Bitcoin and all cryptocurrency profits face 30 percent flat tax regardless of holding period or halving cycle timing, with no indexation benefits or loss offsets. Additionally, one percent TDS applies on crypto transactions exceeding specified thresholds.
Should I start Bitcoin SIP after halving events?
Yes, historical data shows post-halving periods offer optimal entry timing for systematic investors. Starting SIP immediately after halving captures the full bull cycle while rupee cost averaging manages volatility throughout the accumulation phase.
How long does post-halving Bitcoin rally typically last?

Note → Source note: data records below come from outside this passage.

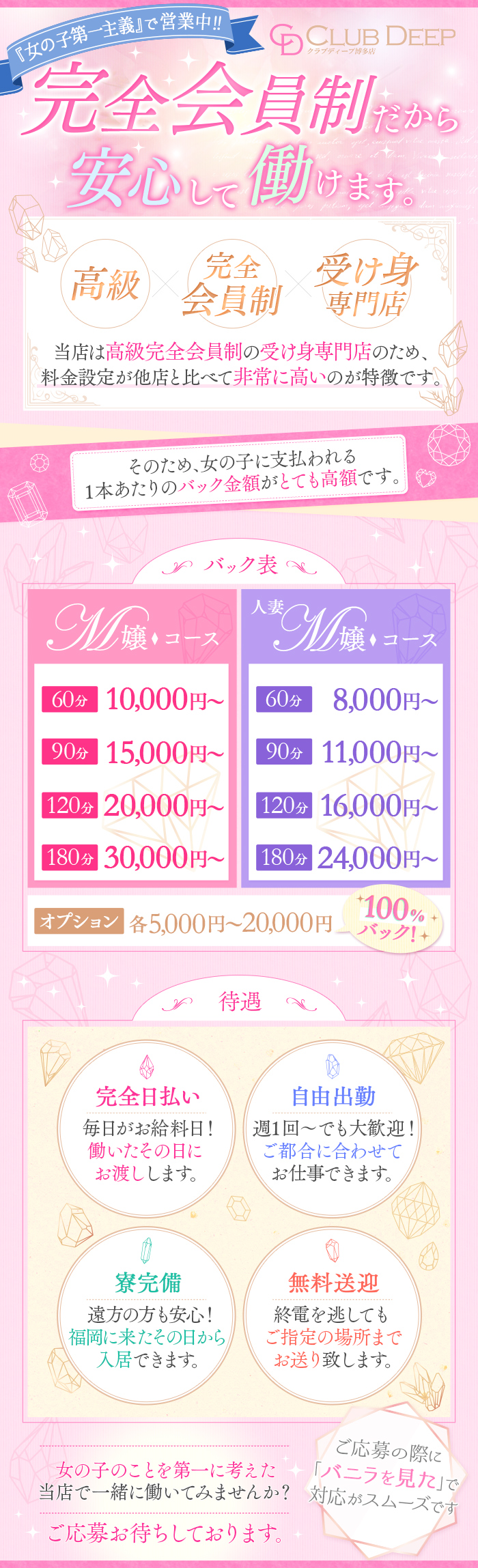 最近、面接に来てくれた子からよく聞く言葉があります。「私って向いてますか?」「他の子みたいにできるかわからなくて…」そんな時にいつも思うのは、悩んでる時点で、もう十分ちゃんとしてるってこと。向いてない人ってそもそも悩まない。「どうしたらいいですか?」って聞けたり、「不安です」って素直に言える子ほど、実はこのお仕事と相性がいいことが多いです。DEEPでは、無理に背伸びをさせることはしません。スピードも、得意なスタイルも、それぞれ違う。“その子のペース”を一緒に見つけていくのが、僕らの役目。最初はぎこちなくていい。言葉が詰まってもいい。できないことがあって当たり前。大事なのはわからないまま頑張らないこと。一人で抱えないこと。そして自分を雑に扱わないこと。ゆっくりでいい。一歩進めたらそれを褒めてあげるくらいでちょうどいい。今日もお店は普段通りゆったりと動いてます。派手さはないけど、その分ひとり一人をしっかり見れる。誰かが無理して疲れてしまうような空気は作りません。“あなたらしく働ける場所”を今日も作っていきます。🔶お問い合わせはこちら🔶求人TEL 093-383-2812求人LINE deepkokura【CLUBDEEP小倉店】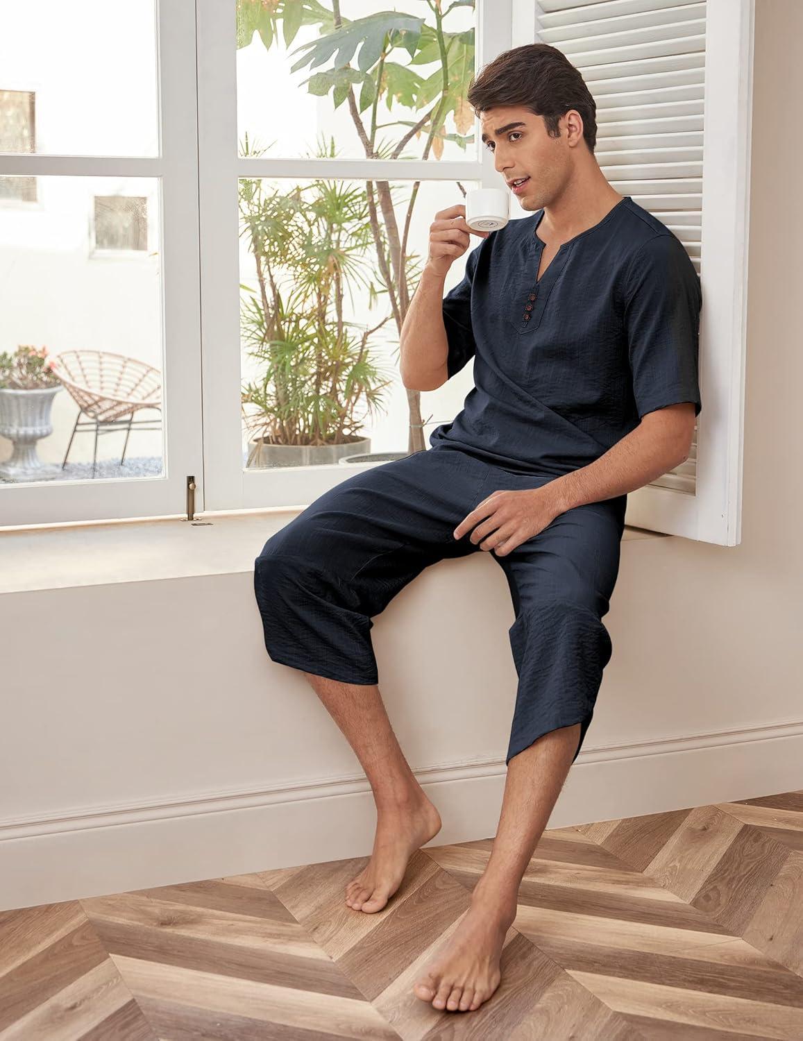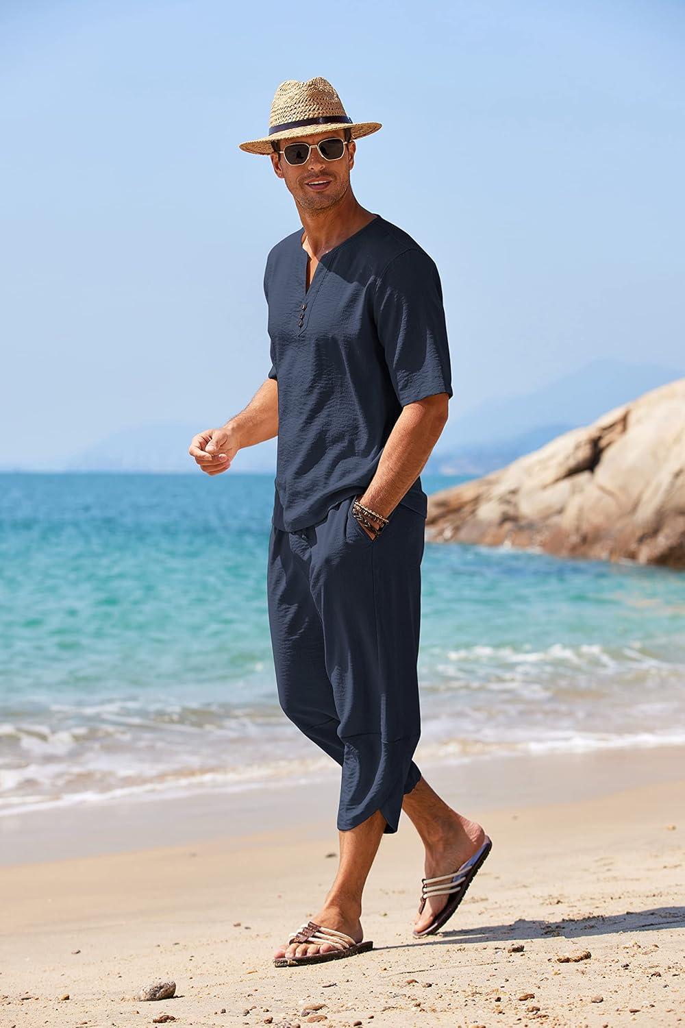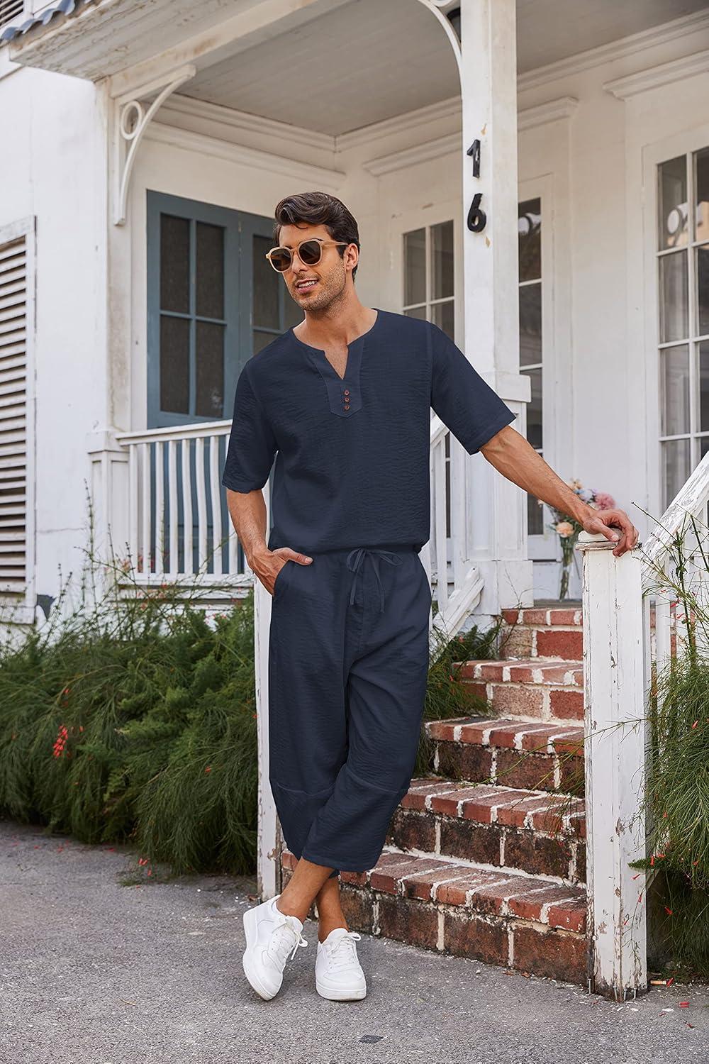 COOFANDY Men’s 2 Pieces Linen Set Henley Shirt Short Sleeve and Harem Capri Pants Wide Leg Baggy Beach Yoga Trousers Outfits(Navy Blue)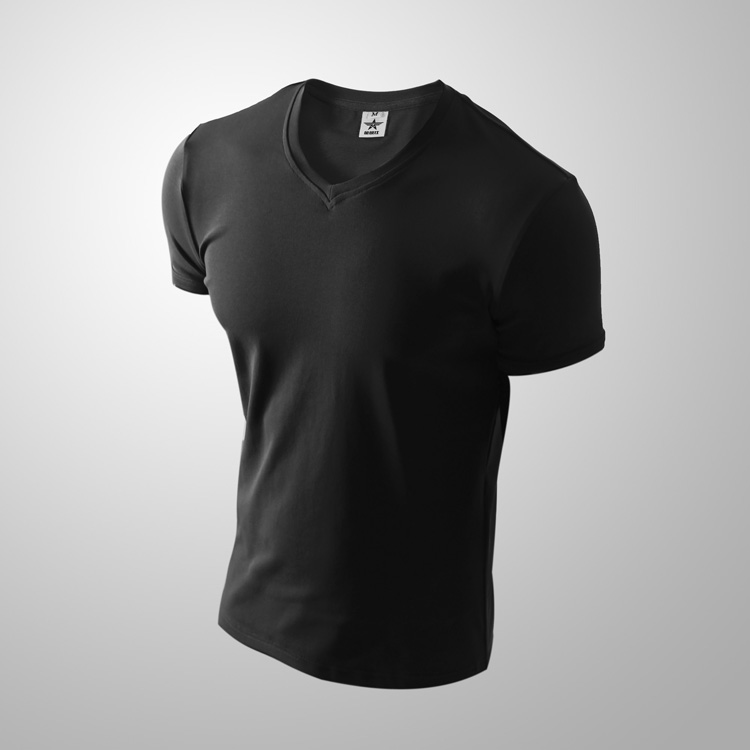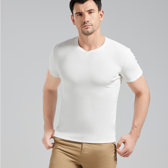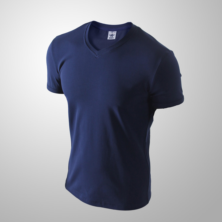 V collar V-neck T-shirt thickened elastic male sweatshirt pure cotton beating bottom short sleeve short sleeve grey white black blue fix

Post-halving rallies historically last 12 to 18 months before reaching cycle peaks, followed by correction phases. The 2024 halving cycle follows similar patterns, with significant appreciation potential remaining beyond the current 18-month analysis period.
Are Nifty 50 returns affected by Bitcoin halving cycles?
No, Nifty 50 performance operates independently from Bitcoin halving cycles, driven by corporate earnings, economic conditions, and domestic factors. However, global liquidity conditions influenced by crypto cycles can indirectly impact equity markets.
Can I reduce tax on cryptocurrency gains from post-halving profits?
Legal tax reduction options are limited due to flat 30 percent rate with no exemptions. Spreading withdrawals across financial years and timing sales strategically provides minimal benefit compared to tax-efficient equity investments.
Which investment is better after tax during halving cycles: Bitcoin or Nifty?
Bitcoin delivered 32.87 percent post-tax returns versus Nifty’s 3.35 percent during this post-halving period. However, individual circumstances, risk tolerance, and understanding of four-year halving cycles determine optimal allocation between both assets.